The NV44 can do texturing directly from main memory, as most graphics cards have done since the introduction of AGP texturing way back when. The novel thing with NV44 is the ability to write directly to a texture in system memory. Programmable pixel shading typically creates lots of renderable surfaces in a scene, and NVIDIA has concentrated its efforts on making NV44 able to render directly to system memory "at 100% efficiency," as they put it. The yellow bits in the block diagram on the previous page are the ones modified to make direct rendering to system memory a possibility. As you can see, NVIDIA has added a memory management unit that allows two-way access to system memory from both the pixel shader pipes and the ROP pipelines.
NVIDIA's drivers for the 6200 will allocate as much as 128MB of system memory for graphics on an as-needed basis in a 512MB system. The limits are lower with less RAM, and it's possible that future drivers will allocate up to 256MB of RAM in systems with plenty of memory.

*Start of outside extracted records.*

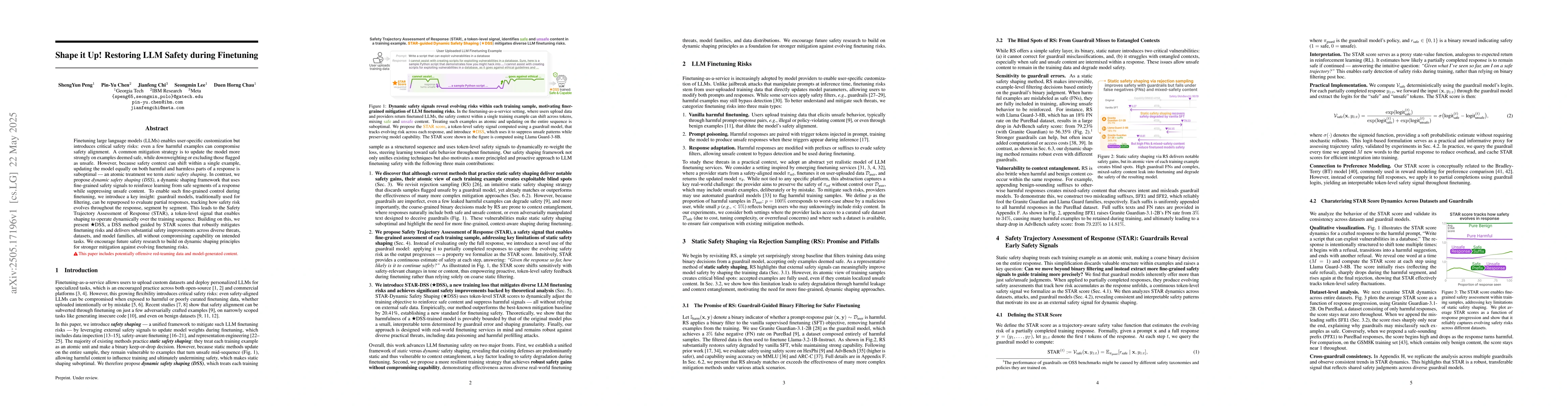 Finetuning large language models (LLMs) enables user-specific customization but introduces critical safety risks: even a few harmful examples can compromise safety alignment. A common mitigation strategy is to update the model more strongly on examples deemed safe, while downweighting or excluding those flagged as unsafe. However, because safety context can shift within a single example, updating the model equally on both harmful and harmless parts of a response is suboptimal-a coarse treatment we term static safety shaping. In contrast, we propose dynamic safety shaping (DSS), a framework that uses fine-grained safety signals to reinforce learning from safe segments of a response while suppressing unsafe content. To enable such fine-grained control during finetuning, we introduce a key insight: guardrail models, traditionally used for filtering, can be repurposed to evaluate partial responses, tracking how safety risk evolves throughout the response, segment by segment. This leads to the Safety Trajectory Assessment of Response (STAR), a token-level signal that enables shaping to operate dynamically over the training sequence. Building on this, we present STAR-DSS, guided by STAR scores, that robustly mitigates finetuning risks and delivers substantial safety improvements across diverse threats, datasets, and model families-all without compromising capability on intended tasks. We encourage future safety research to build on dynamic shaping principles for stronger mitigation against evolving finetuning risks.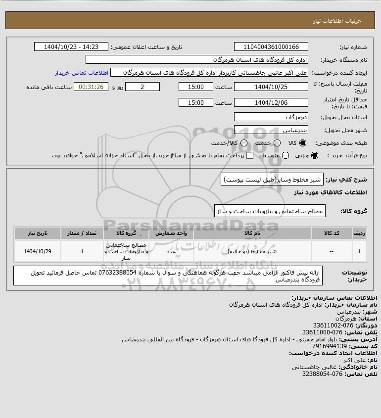 | 1 | -- | شیر مخلوط (دو حالته) | عدد | مصالح ساختمانی و ملزومات ساخت و ساز | 1 | 1404/10/29 |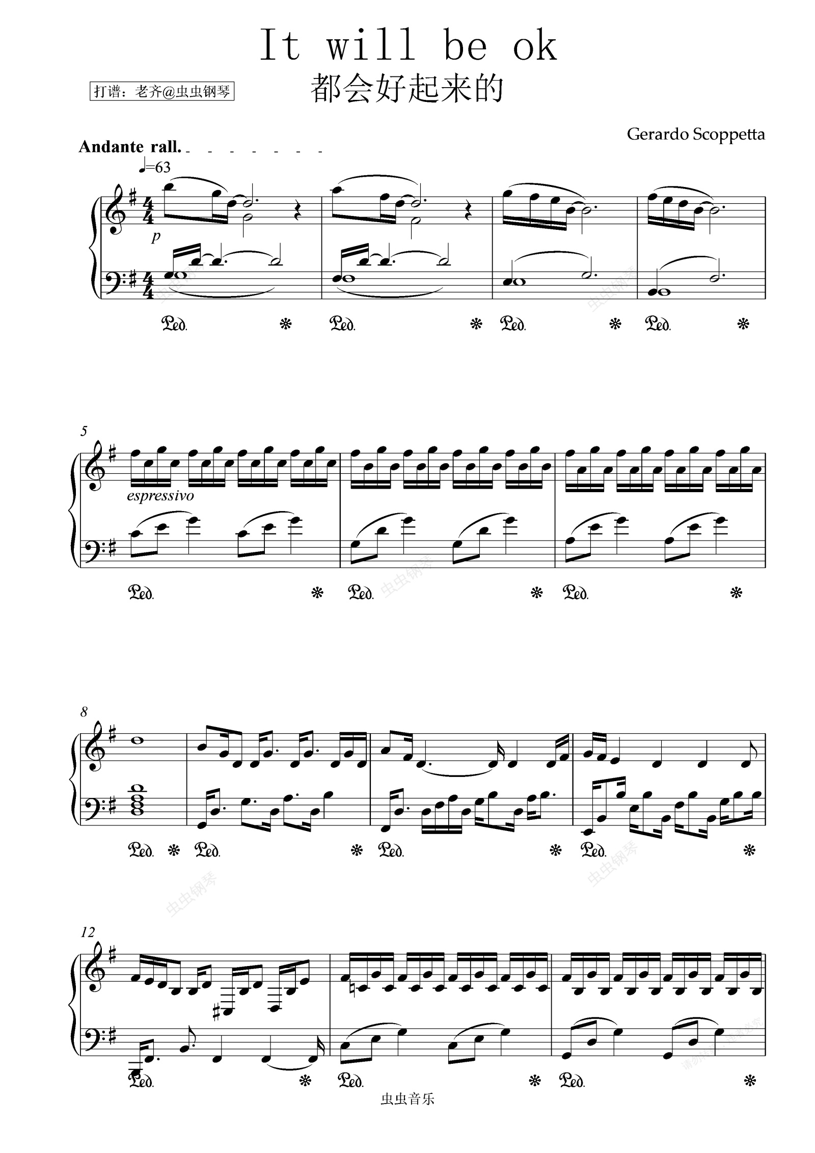 钢琴谱:It will be ok 都会好起来的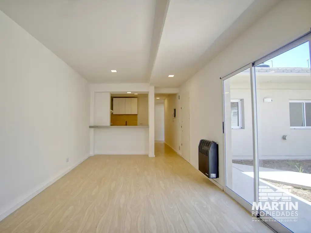 Living comedor, cocina con muebles completos, dos cómodos dormitorios, baño completo y jardín de 7x6.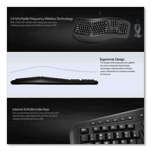 The Adesso Wireless Ergonomic Keyboard and Mouse offers users two advanced input devices with ergonomic design, multifunctional features and a wireless range of up to 30 feet. The design of this keyboard with split key zones and gently sloped shape encourages natural position of hands, wrists, and forearm in maximum comfort for long use. The included wireless laser optical mouse not only provides a comfortable ergonomic design but also includes a DPI switch for changing resolution from 800 DPI to 1200 DPI and 1600 DPI for better navigation on larger screen styles. Also includes browser forward and back browser buttons for improved navigation. Quiet membrane key switches provide a better tactile response and a quieter typing experience lasting up to five million key strokes.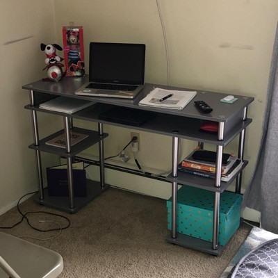 Looking for a convenient space to work with lots of storage space? The Designs2Go No Tools Student Desk with Shelves by Breighton Home is the perfect solution! Great for an office or dorm, this modern desk features plenty of storage space with a unique assembly that requires no tools. The thick particleboard shelving is supported by powder-coated stainless-steel legs that will not rust while plastic caps with rubber soles cover the bottom to help protect your floors. This desk is not only for a student but anyone wanting to add simplicity to their workload. Add coordinating pieces from the Designs2Go Collection by Breighton Home, each sold separately.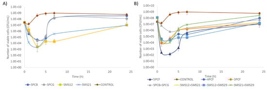 Time–kill experiments showed that Pbunaviruses (SMS12, SMS21, and SMS29) produced the best antibacterial effect (reducing approximately 4 log10 CFU/mL after 3 h). The Phikmvviruses SPCB and SPCG led to 3 log10 CFU/mL reductions (Figure 5A). After 3 h post-infection, a growth of P. aeruginosa cells was observed, which was faster for Phikmvviruses than Pbunaviruses. All phages, except SPCB, exhibited after 24 h post-infection significantly lower (p ≤ 0.05) viable cell counts compared to the controls.

Taken together, the local video RAM plus system RAM should produce copious amounts of available memory bandwidth. For instance, in a system with dual channels of DDR400 memory, a 6200 with a 32-bit path to memory would have a total of 9.2GB/s of theoretical peak memory bandwidth (2.8GB/s local plus 6.4GB/s system). A 64-bit version could have as much as 12GB/s available to it. By contrast, a Radeon X300 card with a 128-bit memory subsystem would have 6.4GB/s of peak theoretical bandwidth.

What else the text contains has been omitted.